# PROBLEM TO WORK ON
From the first line to the last, give the material again exactly, without the images.

# EXERCISE DATA
# # #

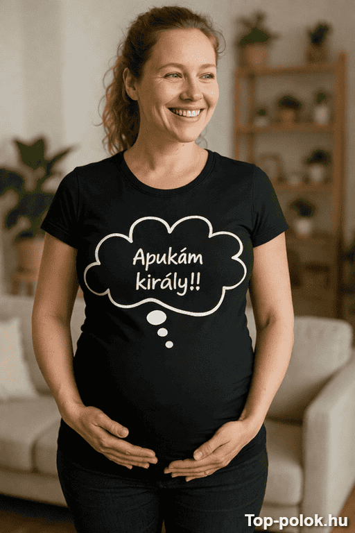 Kismama póló ajándék, ami egy mondattal helyre teszi a rangsort: „Apukám király!!” 😄 Tökéletes, ha a pocaklakó már most üzenne apának – jó hangosan.
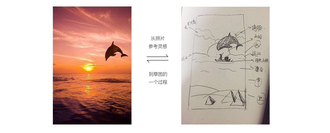 根據(jù)草圖,收集一些元素圖片,目的是知道海豚、漁船、陽光是什么樣的。根據(jù)圖片創(chuàng)意加工造型變化,變成自己所需要的素材。收集一些云彩、遠(yuǎn)處的山、漁夫小船、海豚、陽光等相關(guān)素材。
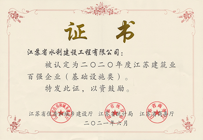 江蘇建筑業百強企業2022年度證書

# # #

# ANSWER FOR THE TASK
 Kismama póló ajándék, ami egy mondattal helyre teszi a rangsort: „Apukám király!!” 😄 Tökéletes, ha a pocaklakó már most üzenne apának – jó hangosan.
 根據(jù)草圖,收集一些元素圖片,目的是知道海豚、漁船、陽光是什么樣的。根據(jù)圖片創(chuàng)意加工造型變化,變成自己所需要的素材。收集一些云彩、遠(yuǎn)處的山、漁夫小船、海豚、陽光等相關(guān)素材。
 江蘇建筑業百強企業2022年度證書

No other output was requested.